He taught us the sight which plunges into the depths and overwhelms
the heart.
G. D.:
True Love is realized when two persons on the way toward the search
for Being, find themselves and become companions on the road one
for the other. Their encounter becomes the Path of their mutual
fulfillment, if one hears the harmony of his own Being resonate
in the other's heart. No place else can we find such a thrill as
in this communion from Being to Being. The sexual act between a
man and woman is a summit of their union, which can take on an intensely
mystical character and culminate in ecstacy. The couple can suddenly
be carried toward another reality, absolutely beyond all dualism
and become liberated for a moment. If their attitude is right in
the sexual exchange, each of the partners experiences a total letting
go of self and if they accept in surrender, the waters of Life flood
them completely and they are drowned, transcending their usual consciousness:
it is the end of the egocentric self and the union, the reciprocal
"infusion" of the life of the two lovers who experience a feeling
of adoration for they are beyond space and time, seized by Divine
Being. They are reborn on an entirely new plane!
A. G.:
It will take a long time to discover that vision, yet it is fundamentally
Biblical! Sexual love is not a conjunction of organs nor a copulation
of two bodies: "Do you not know that your bodies are members of
Christ?" saint Paul cries out. When a man is united to a woman,
"he is one body with her," and that is the Body of Christ. The desecration
of sexual love has always existed, but it was progressively introduced
in the Church when it lost, particularly in the West, its interiority
and its contemplative dimension. We then fell into the divisions
of the mental, the categories of separation, the opposition between
spiritual and physical, and we ended up making the sexual act a
specific domain filled with ambiguity and suspicion!
Only
a person who lives from the contemplative experience can understand
that sexual love calls for a contemplative approach which, far from
being isolated, irradiates over the whole field of human activity
and offers a new attention to the world. Communion between two persons
through the body is a communion with the whole of nature and the
cosmos, which is the extension of our body. The exterior becomes
interior.
G. D.:
It is important to say that the depth of this openness depends entirely
on the attitude of the one who lives the sexual act. We can let
ourselves be caught up in erotic pleasure which is only a charicature
of love. Then we are lost...Man has a more difficult time than woman
in this area, for he is often more objectifying, or keeps his distances
instead of surrendering himself. But when the two consent to die
in the other without resisting, a cosmic dizzyness opens within
them, the duality of their bodies are transcended through the union
of the persons in an embrace where the Love of God is manifested.

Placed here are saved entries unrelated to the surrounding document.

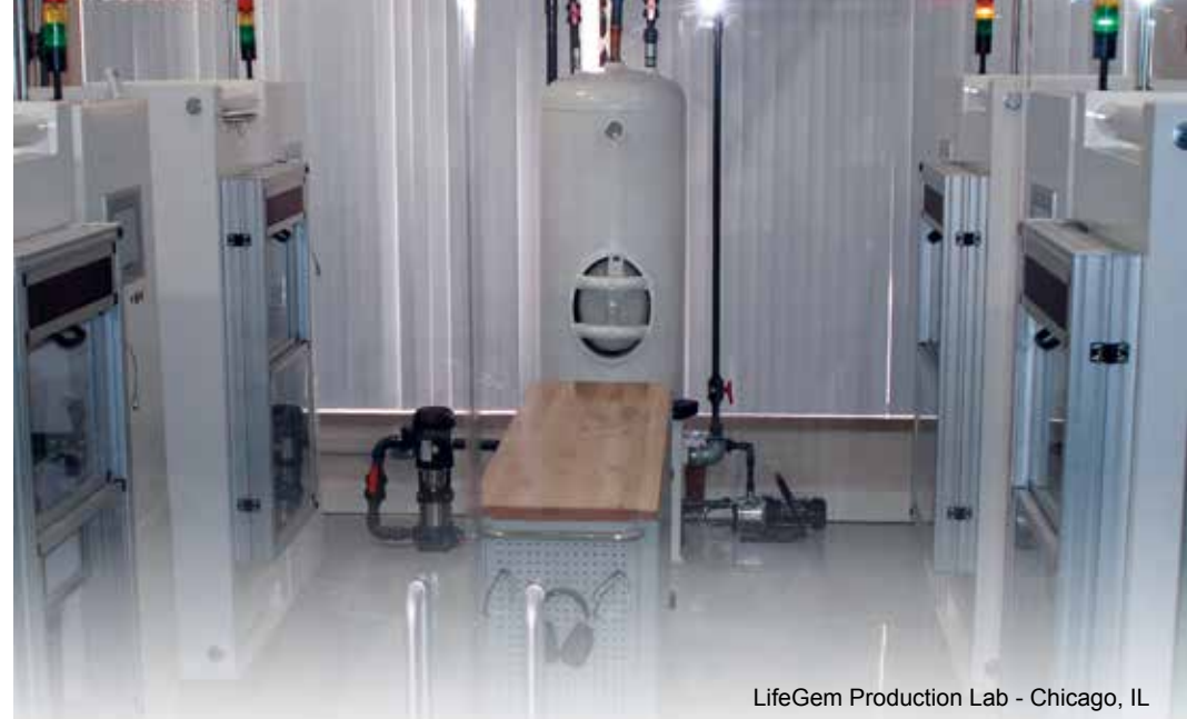
LifeGem Production Lab - Chicago, IL

Finally, skilled diamond cutters polish and facet each LifeGem diamond, laser etch the unique identifier on the girdle, and certify it for authenticity. All LifeGem diamonds are individually inspected and graded by gemologists trained by the Gemological Institute of America (GIA).
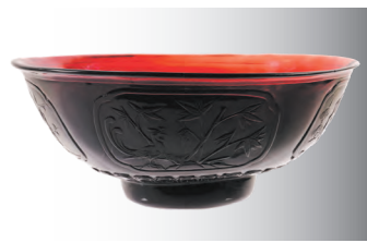
Peking Glass Bowl Qing Dynasty, 1 of 5 lots
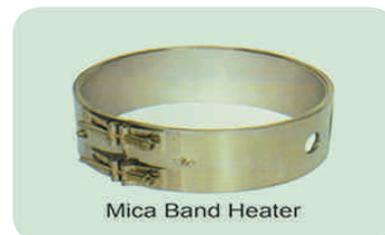
Mica Band Heater
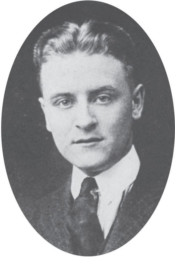
F. Scott Fitzgerald (1896–1940)
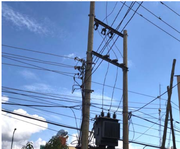
Plate 3: Part of infrastructure in the area

The immediate access road is semi tarmacked and well connected to other roads and therefore the site is well accessible.
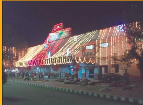
Enhanced circulating area at Dhanbad Station
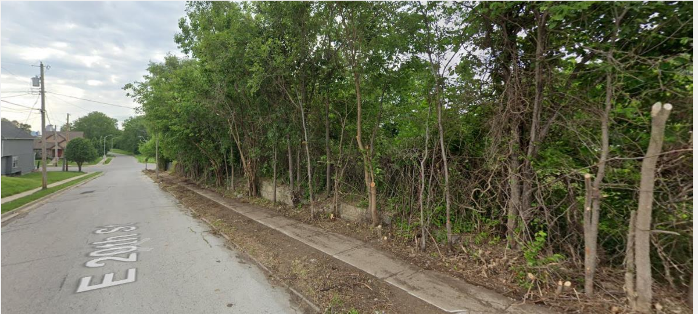
View looking west down East 20 th Street
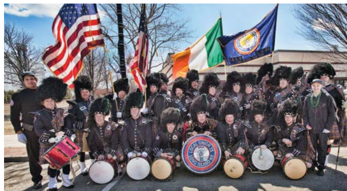
Local 25 Pipe & Drum band assembles for St. Patrick’s Day parade.

purpose of promoting Local 25 and the IBEW. Our pipers and drummers and Honor Guard dress in traditional Scottish military uniform with a feather bonnet.
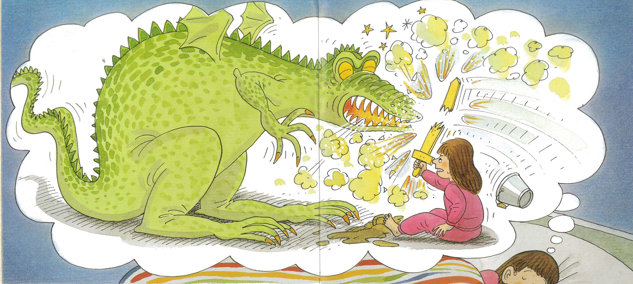
Biff had to fight it.
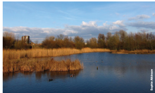
Wetland Centre view

Peacock Tower – visit our three storey hide for panoramic views across the reserve.
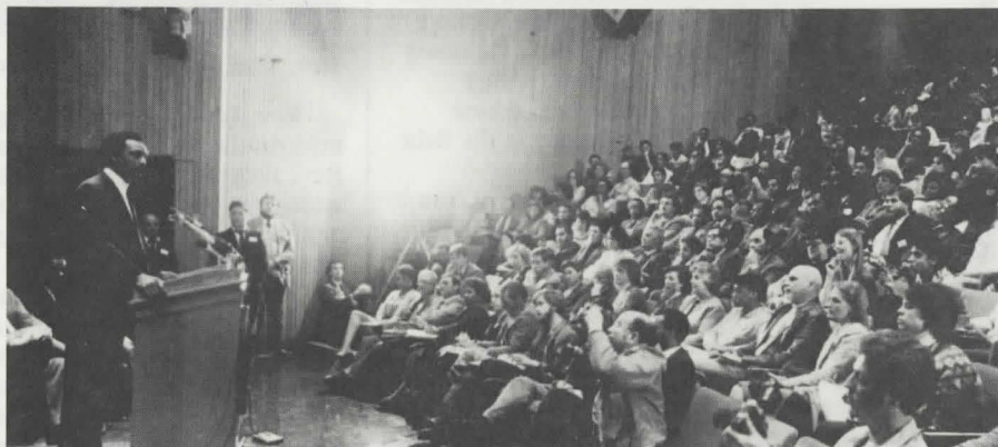
A jam-packed audience greeted Rev. Jackson as he spoke on the occasion of the 17th anniversary of the assassination of Dr. Martin Luther King, Jr. More than 500 were in attendance with an overflow crowd hearing the address via loudspeakers.

We cannot be the same after such an experience! If Love is truly
the Path for husband and wife, they are reborn each time in a new
level of freedom. In marriage, it is not I, but the other who is
the meaning of my life.
The
fruit of this total union is not the birth of a child, but the rebirth
of the two partners in and through Love. Love suffices to itself,
there is no other goal. And its experience is once again a revelation
of its triple aspect: Fullness and Power which emanates from all
death of self; rebirth into another Form and into an always new
Meaning; finally Unity with the partner and Harmony with the cosmic
totality. The three are One in the eternal Love which endlessly
nourishes the movement of the lovers.
A. G.:
At the risk of seeming crazy, but you took that risk with the Bible
and the Fathers, we can say that a conjugal community can become
a "theophany," the nuptial chamber of a Covenant with God and man,
a living icon of the Trinity. "Love is the fever of fire, the flame
of the Lord," sings the Song of Songs. In each encounter with the
beloved, it is the unique Beloved which the lovers rediscover. According
to saint John Chrysostom, "conjugal love is the most powerful love"
because "it no longer seems like an earthly thing, but like the
image of God himself." Man was created man and woman, their being
is a "co-being," a single movement of one toward the other to become
one, but without confusion or separation.
They
are two persons in a single being, continually engendered by a Third:
divine Love, icon of the Trinity. But in recovering the paradisic
state, the lovers are at the same time a prophetic image of the
Kingdom to come. They build the "House of God," as Clement of Alexandria
says, and constitute the mystery of the Church, a "domestic Church,"
where the miracle of Cana is continued: water changed into wine,
the world transmuted into its true reality, "all things become new,"
and the immense joy of the lovers hearing the voice of the unique
Fiance who presides over their wedding.
Marriage
is not a "biological fatality" nor a "remedy for concupiscence,"
but if it is going to be a spiritual Path, it requires a harsh combat
and an asceticism which has nothing to envy the monks! In the Orthodox
rite, we crown the couple at the end of the celebration of the sacrament.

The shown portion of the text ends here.